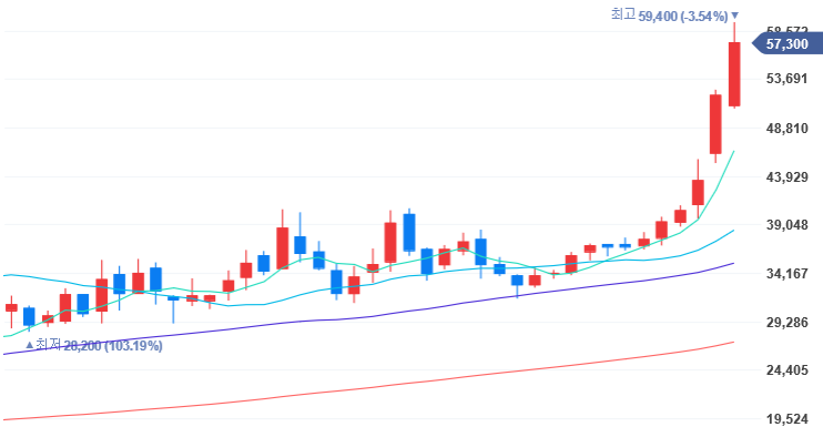 52주 최고가는 59,400원이며, 최저가는 21,000원입니다.
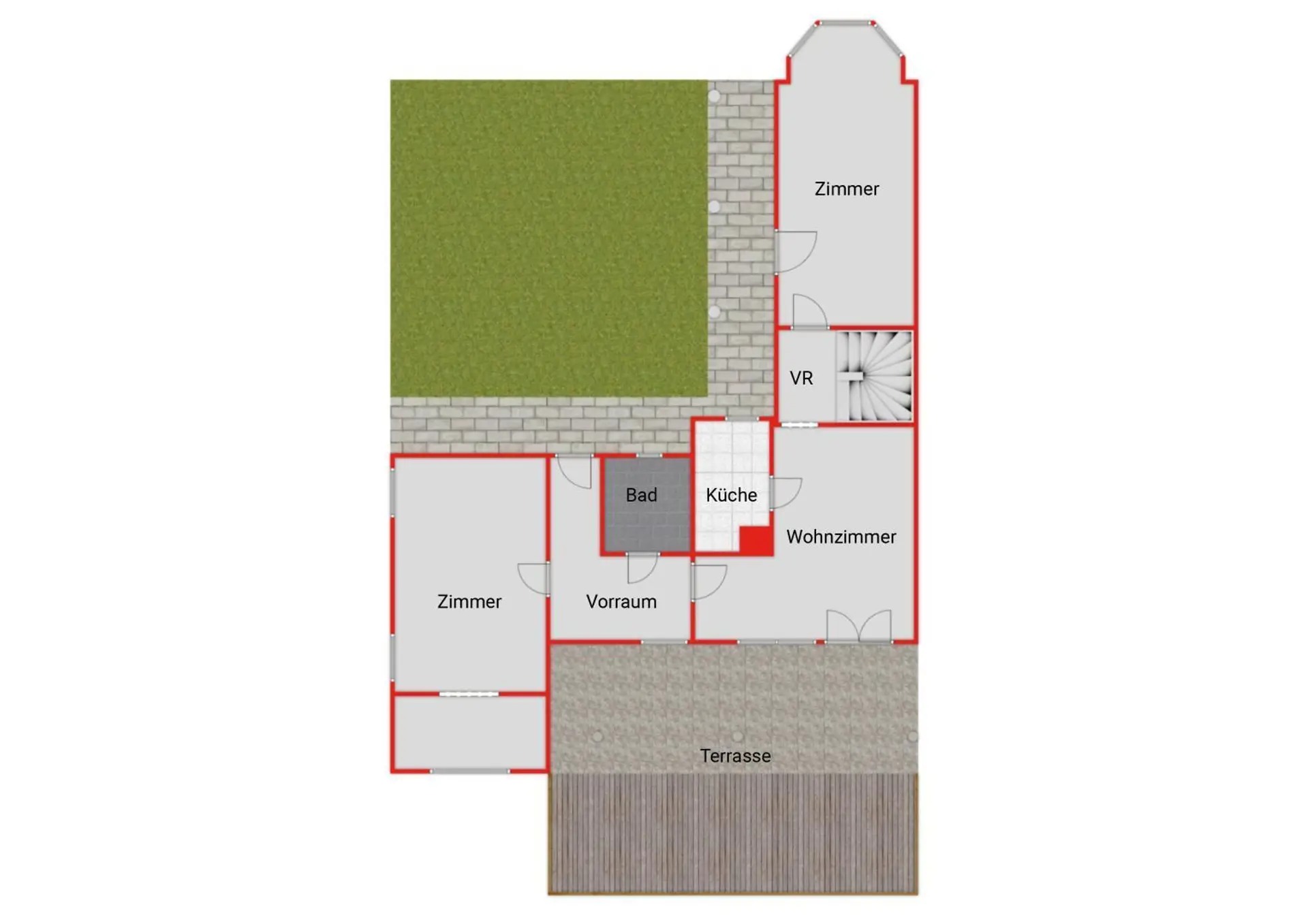 * Raumaufteilung EG: 2 Vorräume, 3 Zimmer, Küche, Bad/WC
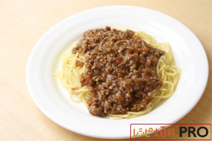 デミグラスソースのコクと黒胡椒が効いたミートソースのパスタです。

◆ Directions:
The reply should hold every line of the material above, unchanged, and no pictures.

◆ Task result:
 52주 최고가는 59,400원이며, 최저가는 21,000원입니다.
 * Raumaufteilung EG: 2 Vorräume, 3 Zimmer, Küche, Bad/WC
 デミグラスソースのコクと黒胡椒が効いたミートソースのパスタです。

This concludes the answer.